AI agents call get_release_and_journeys to retrieve information from Blop without modifying anything — typically the context-gathering step in research, monitoring, and reporting workflows, before the agent takes action elsewhere.
This tool queries and retrieves data (release context and journeys) for a given release app URL without modifying, deleting, executing commands, or committing financial obligations. It is a pure data retrieval operation with no irreversible side effects. The low severity reflects that unauthorized access to release metadata poses minimal direct harm compared to execution or destructive operations.
From the tool's definition Tool name and description indicate it 'gets' release context and journeys—a retrieval operation with no side effects. Verb 'get' and 'batch' retrieval pattern are characteristic of Read category tools.
Attacks that exploit this kind of access
Batch: release context plus journeys for the release app URL in one call.

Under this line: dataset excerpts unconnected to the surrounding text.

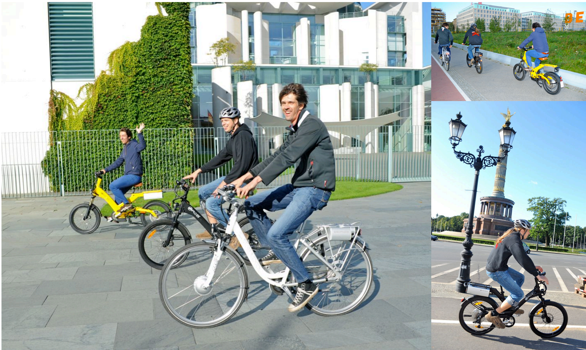
Auf Elektrorädern von der Wattstraße in den Tiergarten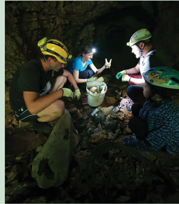
Speleolozi u akciji čišćenja podzemlja u lepoglavskom kraju

Članovi Speleološke udruge Kraševski zviru iz Ivanca organizirali su čišćenje Jelovec jame i rudnika Velika Sutinska na području Ravne gore.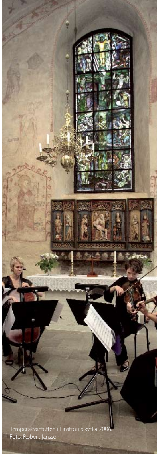
Temperakvartetten i Finströms kyrka 2006.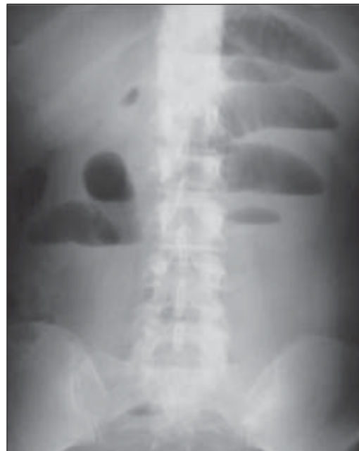
FIGURA 3. Radiografía simple de abdomen en paciente con obstrucción por bridas. Obsérvese dilatación de asas delgadas, imagen en “pila de monedas” y niveles hidroaéreos en escalera.

La realización de estudios de laboratorio como el hemograma, los electrolitos y los gases arteriales son de ayuda puesto que permiten conocer el estado hidroelectrolítico y ácido-base del anciano.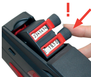
Rysunek 8 Cofanie guzika nastawczego

❗ Przytrzymać metkownicę ręczną jedną ręką za uchwyt. Nie naciskać rączki.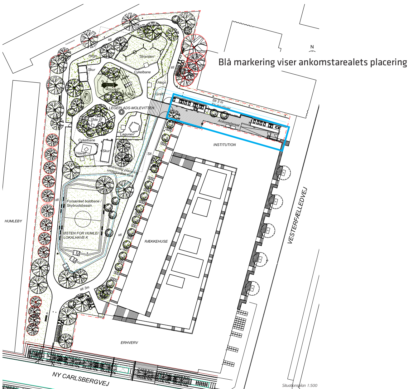
Blå markering viser ankomstarelets placering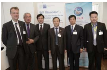
08 2015 中德高层经济论坛圆满落幕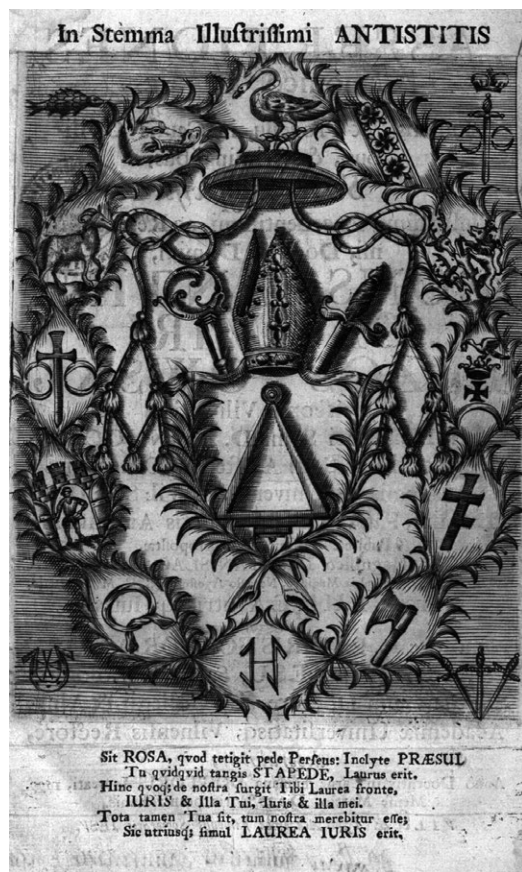
9. Rycina w Assertiones Canonico Legales , 1699 r.

W przypadku herbu złożonego biskupa Brzostowskiego mamy do czynienia z godłami należącymi w większości do niezbyt liczących się rodzin szlacheckich. Wyjątkiem jest herb Druck, który mógł być wyeksponowany ze względu na wysoki status pieczętujących się nim kniaziów Druckich-Sokolińskich, potomków książąt połockich, choć w herbarzach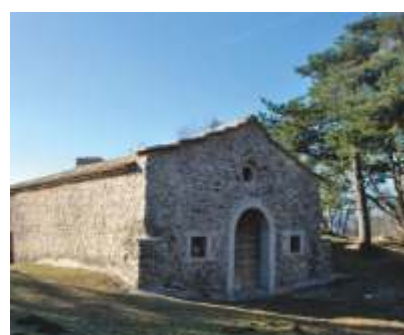
LA CHIESA DI SAN MARTINO

È uno dei roditori più comuni nel territorio della Destra Adige Lagarina. Occupa i boschi di latifoglie e misti, insediandosi anche negli edifici, fino a raggiungere le quote più elevate.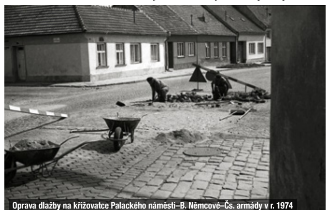
Oprava dlažby na křižovatce Palackého náměstí–B. Němcové–Čs. armády v r. 1974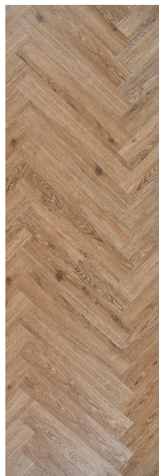
Sildeben Natural Oak Varenr.: 155014 DB nr.: 2085470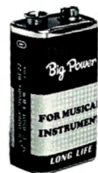
マクソン・ビックパワー 楽器専用電池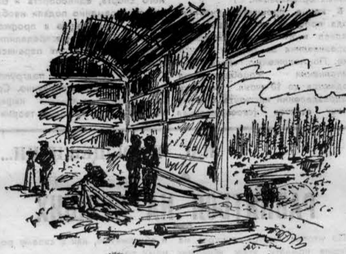
Ноябрьск. Лето 1985 г.

В этот праздник ребята раскрылись по-новому. Кто бы мог подумать, например, что Володя Новоселов, наш самый серьез-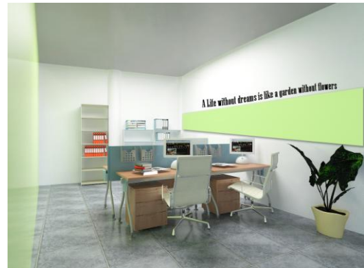
Gambar 8. Dinding pada area kerja administrasi dan keuangan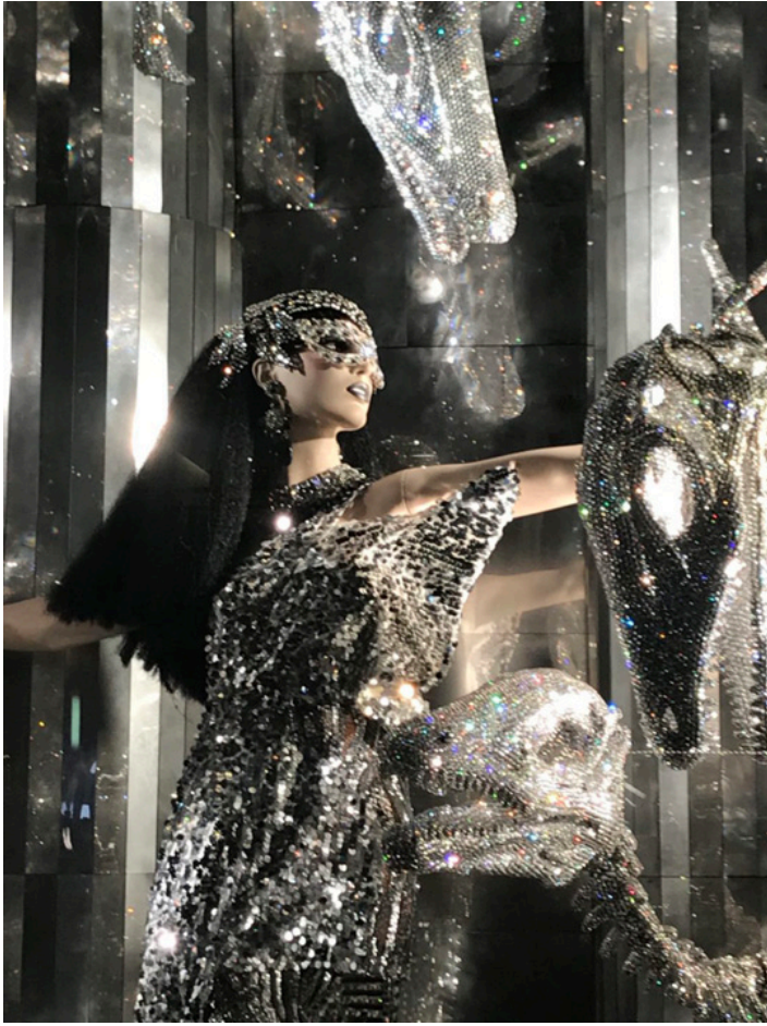
Wystawa sklepu Bergdorf-Goodman, 2017 r.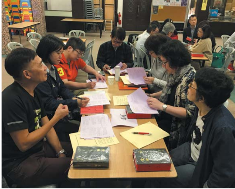
參加者分組討論，一同學習

我透過參加兩次的工作坊，讓我認識到四福音的寫作背景及目的，由於各卷書的寫作背景不同，故各福音書的側重點也有不同。例如：馬太福音的寫作對象是猶太人，具濃厚的猶太色彩，猶太人十分重視律法傳統。作者是為在猶太信仰傳統中掙扎的基督徒而作，耶穌是上帝律法的鑰匙。故此馬太福音一開首便寫上耶穌基督的家譜。這一切是我從前所不認識的。透過深入淺出的解釋，把四卷福音書的特點逐一說明，還附上鞏固練習，加深印象。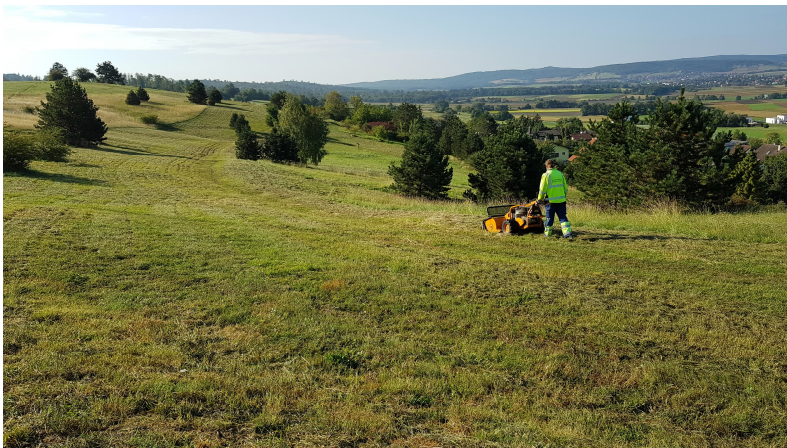
Abb. 13: Durchführung der Mahd vom Mitarbeiter der Marktgemeinde Hof am Leithaberge,

It is categorised as a Read tool in the Blop MCP Server, which means it retrieves data without modifying state.
Register the Blop MCP server in PolicyLayer and add a rule for get_release_and_journeys: allow, deny, rate-limit, or require approval. Point your MCP client at the PolicyLayer proxy URL and the rule is enforced on every call, before it reaches Blop. Nothing to install.
get_release_and_journeys is a Read tool with low risk. Read-only tools are generally safe to allow by default.
Yes. Add a rate_limit block to the get_release_and_journeys rule in your PolicyLayer policy. For example, setting max: 10 and window: 60 limits the tool to 10 calls per minute. Rate limits are tracked per agent session and reset automatically.
Set action: deny in the PolicyLayer policy for get_release_and_journeys. The AI agent will receive a policy violation error and cannot call the tool. You can also include a reason field to explain why the tool is blocked.
get_release_and_journeys is provided by the Blop MCP server (n2400813g/blop-mcp). PolicyLayer sits as a proxy in front of this server to enforce policies before tool calls reach the server.
Every MCP server has a record like this.
Type a name, get the same breakdown: verified identity, auth posture, risk grade, capabilities, recommended policy.